Understanding the Challenge
Pharmaceutical company GSK is exploring how generative AI can improve healthcare, particularly in areas like drug discovery and genomic analysis. However, a significant issue persists: hallucinations, where AI generates incorrect information. This is a serious concern in healthcare, as errors can lead to dangerous outcomes. GSK is addressing this problem not just during the training of AI models, but also at the time they are used in real-world applications.
Key Strategies Employed
- GSK focuses on inference-time strategies to reduce hallucinations, such as self-reflection and multi-model sampling.

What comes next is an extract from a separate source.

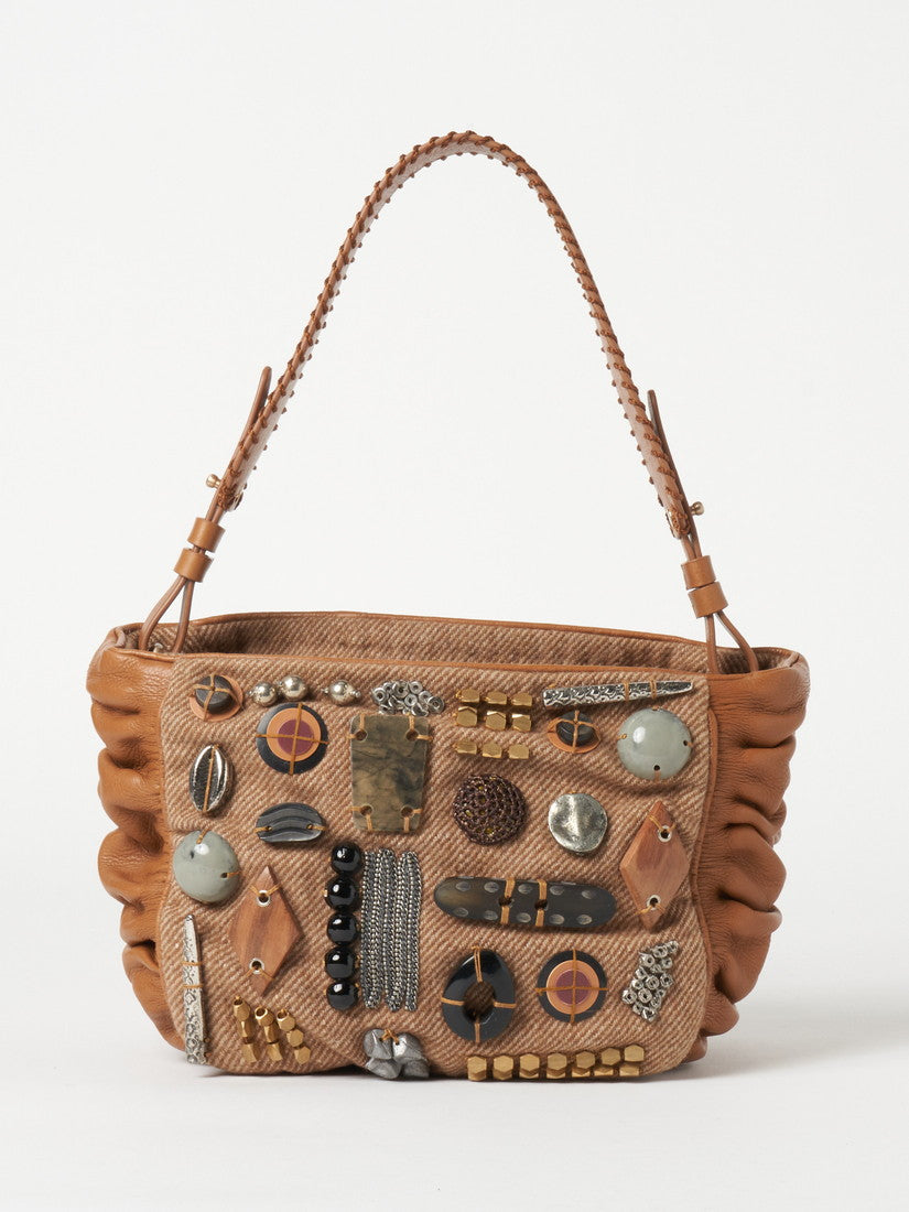 複雑に組み合わされるカラーパレットや様々な素材が織りなす存在感は、バッグの概念を超え絵画のように表情豊か。

- Self-reflection allows AI to critique its own responses, leading to clearer and more accurate information.
- Multi-model sampling involves using different AI models or settings to cross-check results, enhancing reliability.

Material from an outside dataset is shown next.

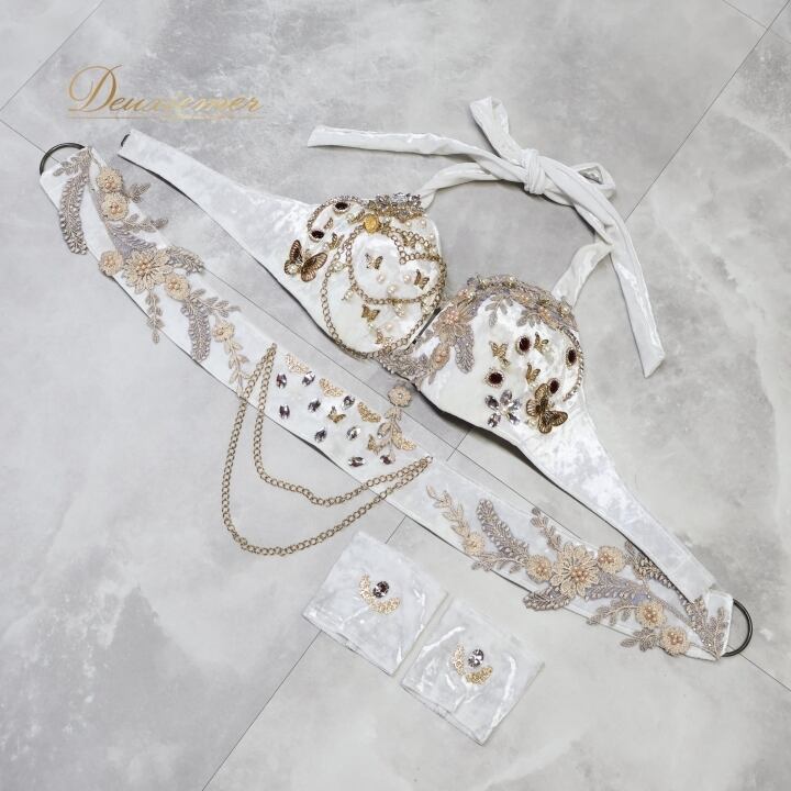 #ベリーダンス #オリエンタル衣装 #ダンス衣装 #コスチューム #ベリーダンス衣装 #ホワイト #シルバー #ゴールド #花モチーフ #蝶モチーフ #衣装撮影 #トルソー #女性用トルソー #ダンスパフォーマンス #ファッション #ウェア #アート #エクササイズ #エンターテイメント #ENUTSU

- GSK highlights the importance of scaling computational resources to support these advanced techniques, which is essential for healthcare applications.
Why This Matters
GSK’s innovative strategies are not just about improving their own AI systems; they serve as a model for the entire industry. As healthcare increasingly relies on AI, ensuring accuracy and efficiency is crucial. GSK’s approach addresses the pressing need for reliable AI solutions in high-stakes environments. Their work could lead to significant advancements in drug discovery and patient care, ultimately benefiting the healthcare sector as a whole.